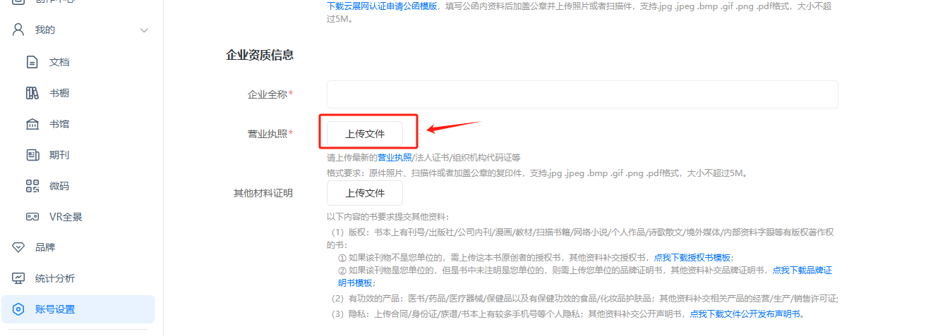 2) 上傳營業(yè)執(zhí)照/組織機構代碼證/法人證書等
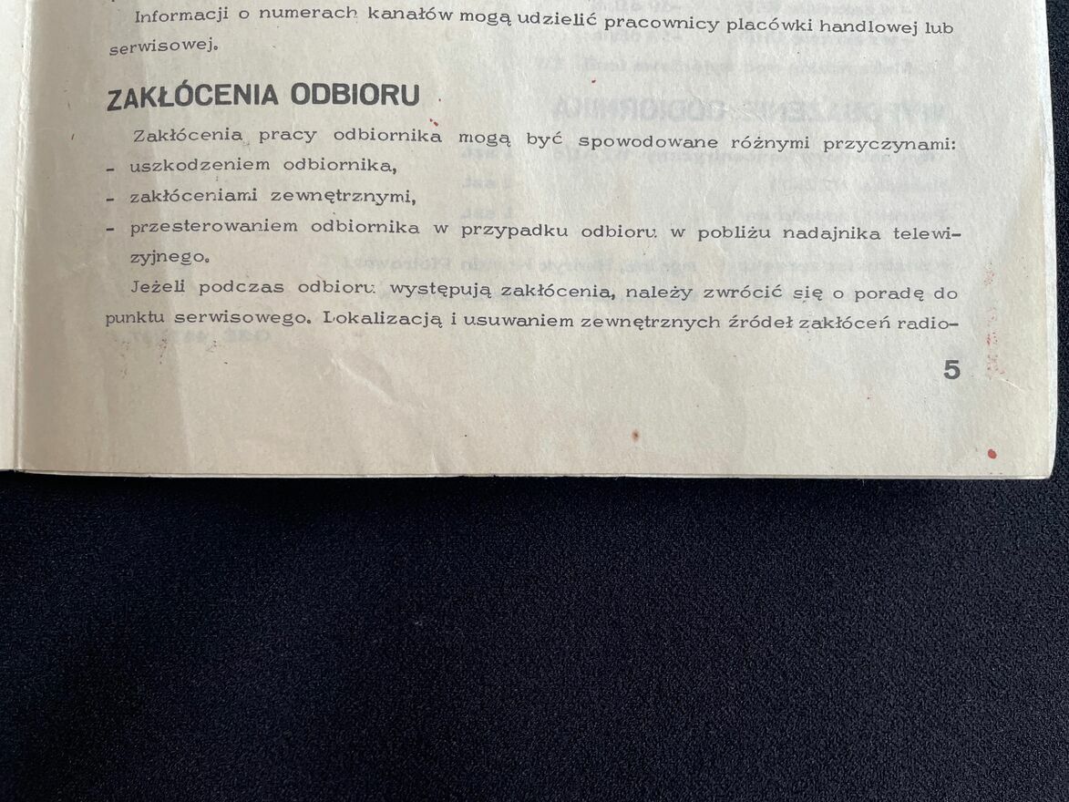 Dzień dobry Państwu.Oferuję do sprzedaży rzadko spotykany na egzemplarz rynku kolekcjonerskim. To instrukcja obsługi i schemat ideowy odbiornika telewizyjnego z czasów PRL-U Neptun 171. Telewizor był produkowany przez Unimor Gdańskie Zakłady Eletroniczne. Oryginał, nie kserokopia. Przysłowiowa DTR-ka niezbędna dla miłośników dawnego sprzętu. Oprócz schematu ideowego, gdzie znajdują się wartości napięć i wykresy oscyloskopu, ułatwiające lokalizację usterek jest tradycyjna instrukcja obsługi. Informacje jak regulować parametry. Krótko mówiąc niezbędna skarbnica wiedzy dla pasjonata dawnej polskiej elektroniki jak i fachowców od naprawy sprzętu. Stan widoczny na fotografiach. Niespotykana na aukcjach. Stan bardzo dobry jak na blisko kilkadziesiąt lat. To rarytas dla kolekcjonera. Wysyłka możliwa. W razie pytań proszę dzwonić lub pisać. Może ktoś ma taki odbiornik i brakuje mu instrukcji do kompletu? Polecam do nabycia.
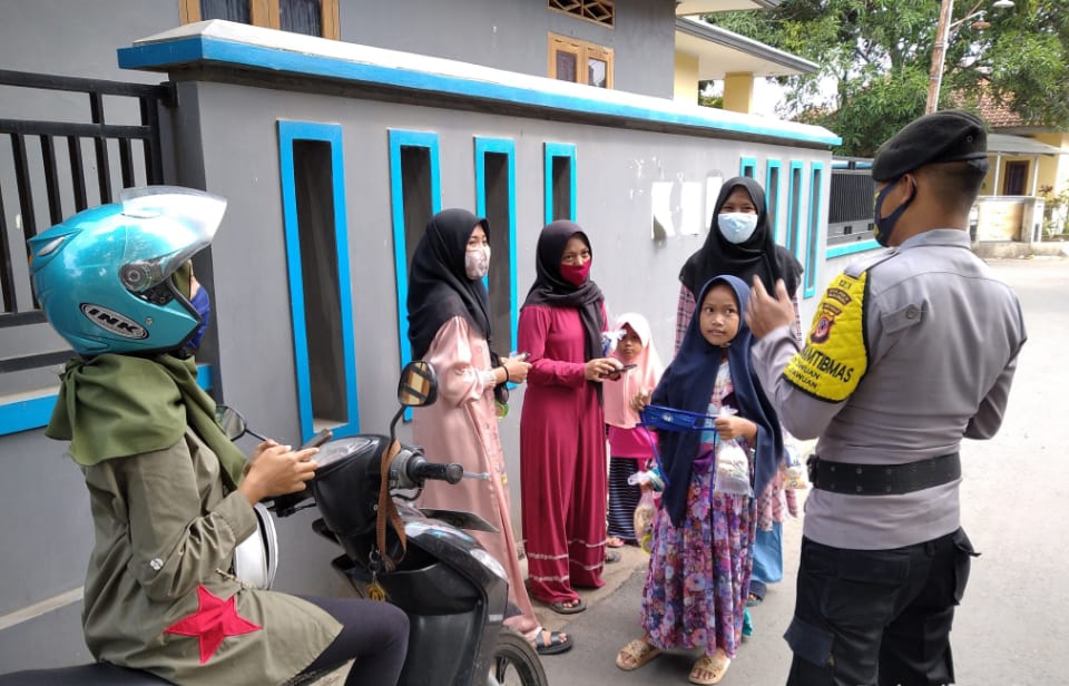 Sosialisasi 3M yang di laksanakan oleh Bhabinkamtibmas Polsek Dawuan Polres Majalengka memberikan himbauan Pencegahan Covid-19 kepada warga Binaannya yang berkerumun dengan selalu menerapkan 3M atau Menggunakan Masker, Mencuci Tangan dan Menajaga Jarak.
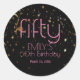 Modern 50th Birthday Black Background Gold Confetti Overlay Pink Text Round stickers
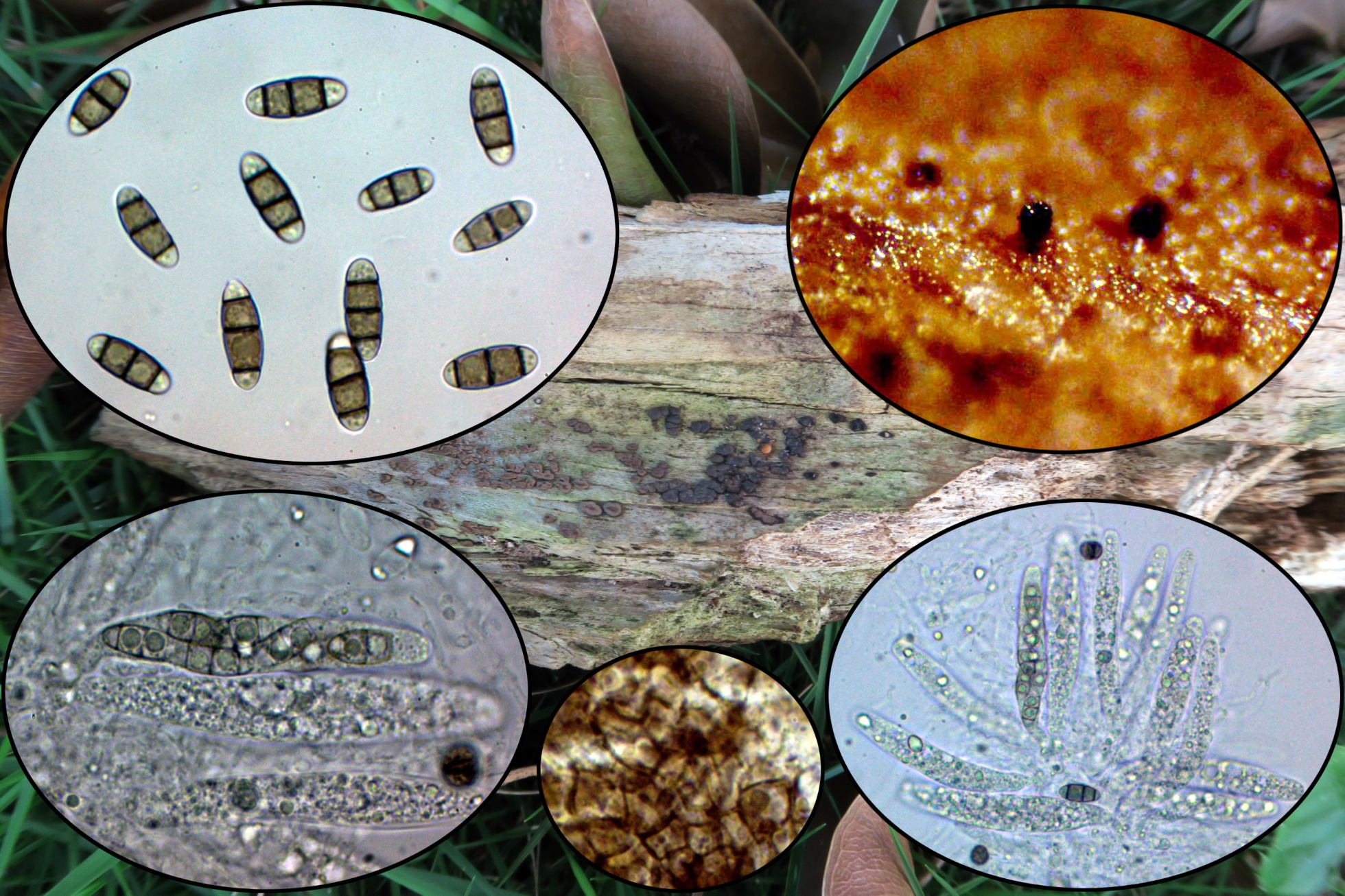 Por el dato de las esporas castaño oscuras en el centro y las dos celdas hialinas de los extremos pienso en Chaetosphaerella, dentro de ellas con unas medidas esporales parecidas tendríamos la Chaetosphaerella indica, actualmente Tengiomyces indicus

**INSTRUCTIONS TO FOLLOW:**
The answer is the records above, repeated exactly, with no picture in it.

**EXERCISE SOLUTION:**
 2) 上傳營業(yè)執(zhí)照/組織機構代碼證/法人證書等
 Dzień dobry Państwu.Oferuję do sprzedaży rzadko spotykany na egzemplarz rynku kolekcjonerskim. To instrukcja obsługi i schemat ideowy odbiornika telewizyjnego z czasów PRL-U Neptun 171. Telewizor był produkowany przez Unimor Gdańskie Zakłady Eletroniczne. Oryginał, nie kserokopia. Przysłowiowa DTR-ka niezbędna dla miłośników dawnego sprzętu. Oprócz schematu ideowego, gdzie znajdują się wartości napięć i wykresy oscyloskopu, ułatwiające lokalizację usterek jest tradycyjna instrukcja obsługi. Informacje jak regulować parametry. Krótko mówiąc niezbędna skarbnica wiedzy dla pasjonata dawnej polskiej elektroniki jak i fachowców od naprawy sprzętu. Stan widoczny na fotografiach. Niespotykana na aukcjach. Stan bardzo dobry jak na blisko kilkadziesiąt lat. To rarytas dla kolekcjonera. Wysyłka możliwa. W razie pytań proszę dzwonić lub pisać. Może ktoś ma taki odbiornik i brakuje mu instrukcji do kompletu? Polecam do nabycia.
 Sosialisasi 3M yang di laksanakan oleh Bhabinkamtibmas Polsek Dawuan Polres Majalengka memberikan himbauan Pencegahan Covid-19 kepada warga Binaannya yang berkerumun dengan selalu menerapkan 3M atau Menggunakan Masker, Mencuci Tangan dan Menajaga Jarak.
 Modern 50th Birthday Black Background Gold Confetti Overlay Pink Text Round stickers
 Por el dato de las esporas castaño oscuras en el centro y las dos celdas hialinas de los extremos pienso en Chaetosphaerella, dentro de ellas con unas medidas esporales parecidas tendríamos la Chaetosphaerella indica, actualmente Tengiomyces indicus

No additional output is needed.